▶ [EXERCISE AIM]: Reproduction without pictures: print every entry precisely as written.
------------
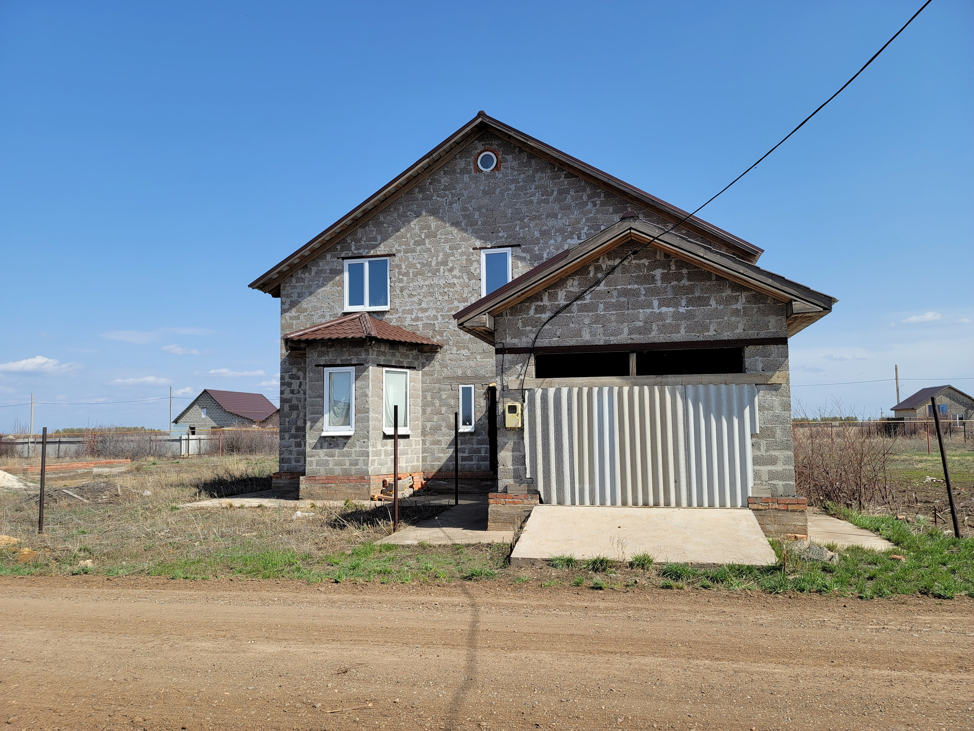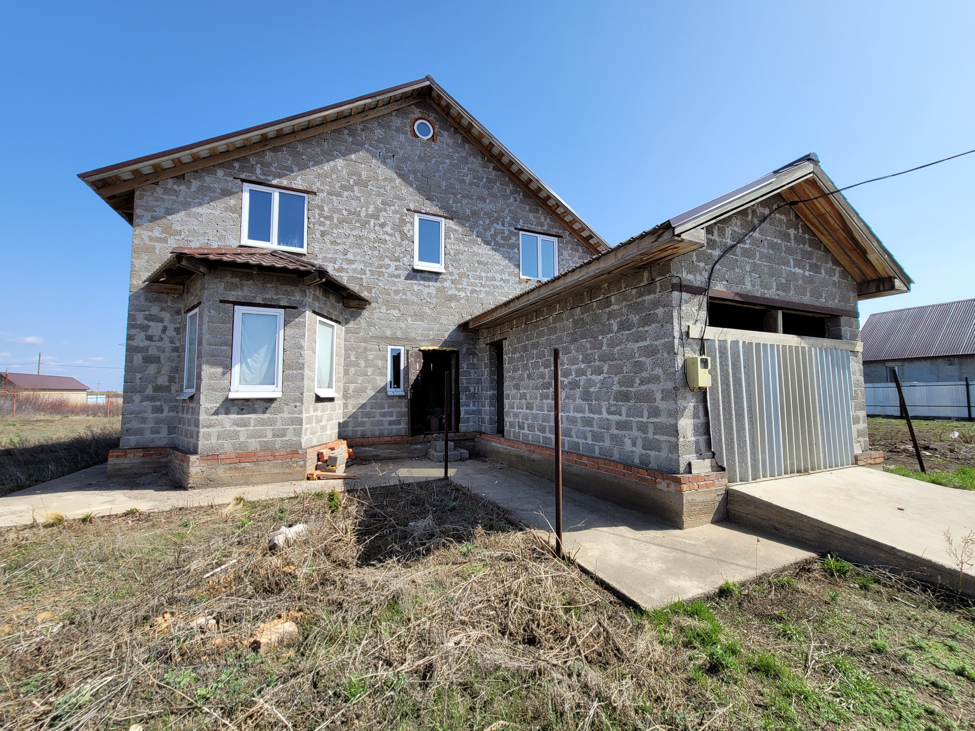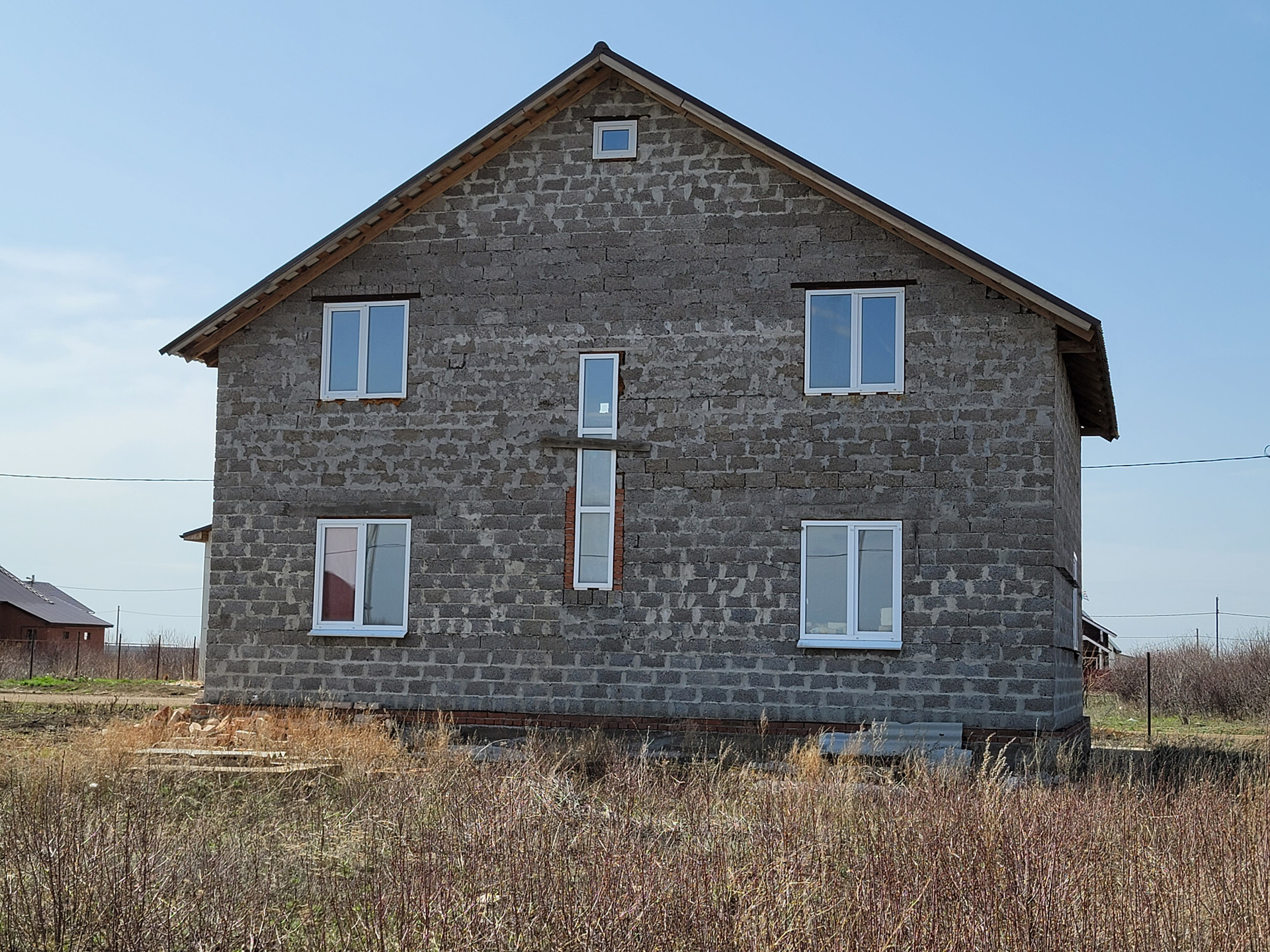 первый этаж предчистовая отделка: стены выровнены и готовы под финишную отделку, установлены стеклопакеты, сделана электрическая разводка;
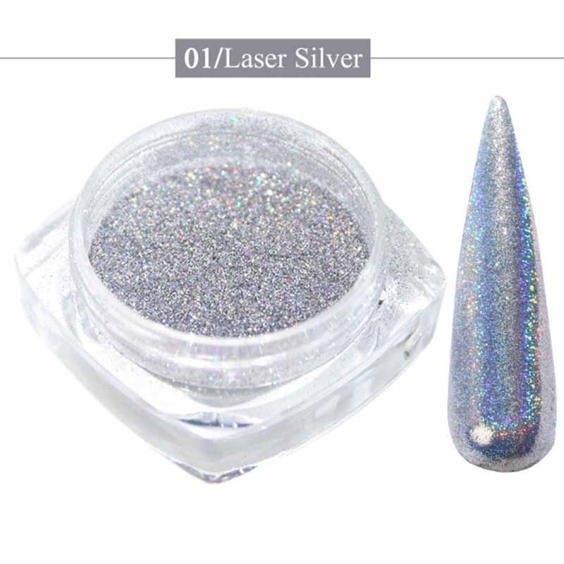 Лазерный блеск порошок пигмент для ногтей градиент зеркальный эффект дизайн ногтей хром блестки сияющий польский порошок 01
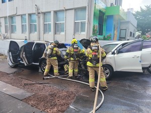 제주의 한 도로에서 차량 화재가 발생했으나 인명피해는 없었다.13일 제주소방안전본부에 따르면 이날 오전 8시13분께 제주시 연동의 한 도로에서 차량에 불이 나 출동한 119에 의해 15분만에 진화됐다.차량 운전자는 운행 중 경유 냄새가 심하게 발생해 차를 세웠고, 주차 직후 엔진룸에서 화염을 목격해 119에 신고한 것으로 파악됐다.이날 인근 차량까지 2대가 불에 타면서 소방서 추산 960여만원의 재산피해가 났다.소방당국은 정확한 화재 원인을 조사 중이다. 고기욱 기자
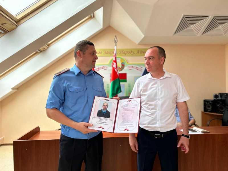 Далее прошла официальная часть награждения сотрудников, внесших значительный вклад в развитие и поддержание порядка в районе. Награды различных уровней были вручены следующим достойным представителям подразделения: Виктор Сорока, старший инженер по организации дорожного движения Межрайонного отдела ГАИ, награжден Грамотой управления внутренних дел Могилевского облисполкома. Александр Напреенко, ведущий специалист отделения по гражданству и миграции, отмечен грамотой начальника учреждения образования «Военной академии Республики Беларусь» Вооруженных Сил Республики Беларусь.
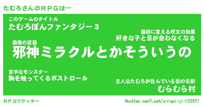 | ファンタジー風あだ名 | 『タムフェル』『エターナルタムロー』 |
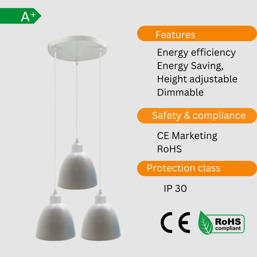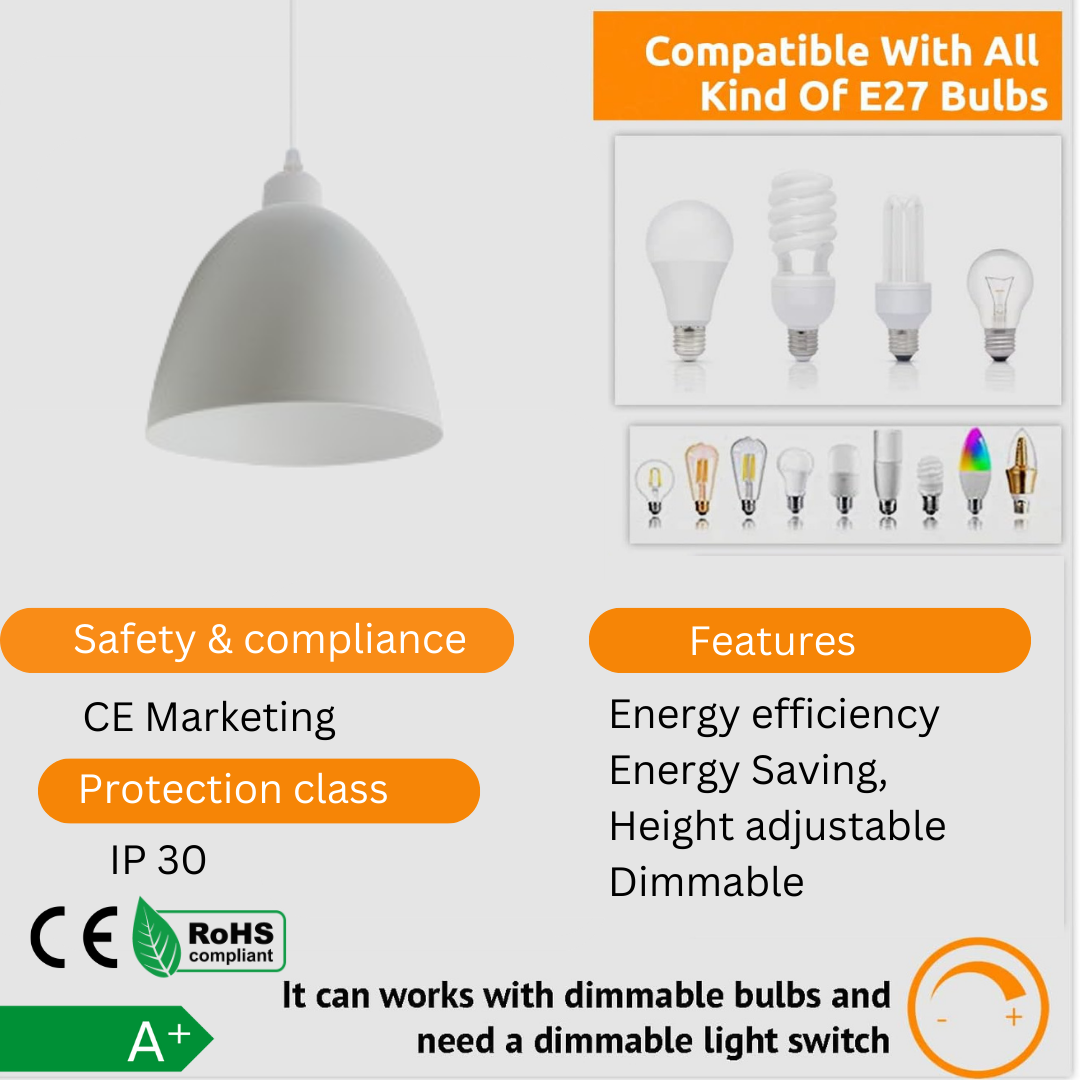 | Special features | -Height adjustable, -Dimmable (if used dimmable switch) -Energy efficient -Energy saving |
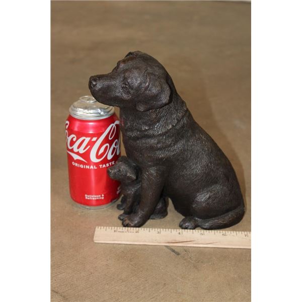 Mother DOG with Her PUPPY Bronze Sculpture. It measures 7.5" Long x 3.75" Wide x 8.25" Tall. The Total Weight is 4 lbs 6 oz. COLLECTIBLE BRONZE SCULPTURE OR STATUE
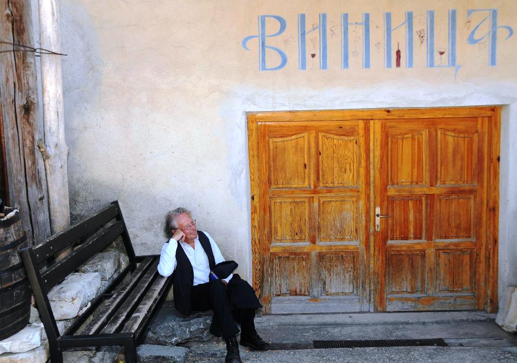 -Велика Хоча је место са Божјим благословом, али пуно несрећних људи. И зато да би их разумео долазим често. Волим да разговарам и пијем вино са овим људима. Приликом неких ранијих посета сам пешачио са њима по околним пољима, брао печурке и лековито биље, упознавао људе слушајући приче о њиховим животима и учествујући у њиховим обичајима- каже Хандке.
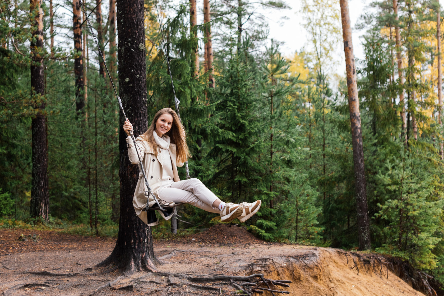 1. Качели в Зеленогорске. Это место повидало не одну фотосессию, но до сих пор вызывает неизменный интерес и удерживает симпатию каждого там побывавшего. Качели над обрывом, надежно привязанные к стволам двух деревьев. Вид (особенно разноцветный осенний) завораживает. Впечатления от катания тоже :) И кадры получаются очень эмоциональнами.
------------
▶ [SOLUTION FOR THIS PROBLEM]:
 первый этаж предчистовая отделка: стены выровнены и готовы под финишную отделку, установлены стеклопакеты, сделана электрическая разводка;
 Лазерный блеск порошок пигмент для ногтей градиент зеркальный эффект дизайн ногтей хром блестки сияющий польский порошок 01
 제주의 한 도로에서 차량 화재가 발생했으나 인명피해는 없었다.13일 제주소방안전본부에 따르면 이날 오전 8시13분께 제주시 연동의 한 도로에서 차량에 불이 나 출동한 119에 의해 15분만에 진화됐다.차량 운전자는 운행 중 경유 냄새가 심하게 발생해 차를 세웠고, 주차 직후 엔진룸에서 화염을 목격해 119에 신고한 것으로 파악됐다.이날 인근 차량까지 2대가 불에 타면서 소방서 추산 960여만원의 재산피해가 났다.소방당국은 정확한 화재 원인을 조사 중이다. 고기욱 기자
 Далее прошла официальная часть награждения сотрудников, внесших значительный вклад в развитие и поддержание порядка в районе. Награды различных уровней были вручены следующим достойным представителям подразделения: Виктор Сорока, старший инженер по организации дорожного движения Межрайонного отдела ГАИ, награжден Грамотой управления внутренних дел Могилевского облисполкома. Александр Напреенко, ведущий специалист отделения по гражданству и миграции, отмечен грамотой начальника учреждения образования «Военной академии Республики Беларусь» Вооруженных Сил Республики Беларусь.
 | ファンタジー風あだ名 | 『タムフェル』『エターナルタムロー』 |
 | Special features | -Height adjustable, -Dimmable (if used dimmable switch) -Energy efficient -Energy saving |
 Mother DOG with Her PUPPY Bronze Sculpture. It measures 7.5" Long x 3.75" Wide x 8.25" Tall. The Total Weight is 4 lbs 6 oz. COLLECTIBLE BRONZE SCULPTURE OR STATUE
 -Велика Хоча је место са Божјим благословом, али пуно несрећних људи. И зато да би их разумео долазим често. Волим да разговарам и пијем вино са овим људима. Приликом неких ранијих посета сам пешачио са њима по околним пољима, брао печурке и лековито биље, упознавао људе слушајући приче о њиховим животима и учествујући у њиховим обичајима- каже Хандке.
 1. Качели в Зеленогорске. Это место повидало не одну фотосессию, но до сих пор вызывает неизменный интерес и удерживает симпатию каждого там побывавшего. Качели над обрывом, надежно привязанные к стволам двух деревьев. Вид (особенно разноцветный осенний) завораживает. Впечатления от катания тоже :) И кадры получаются очень эмоциональнами.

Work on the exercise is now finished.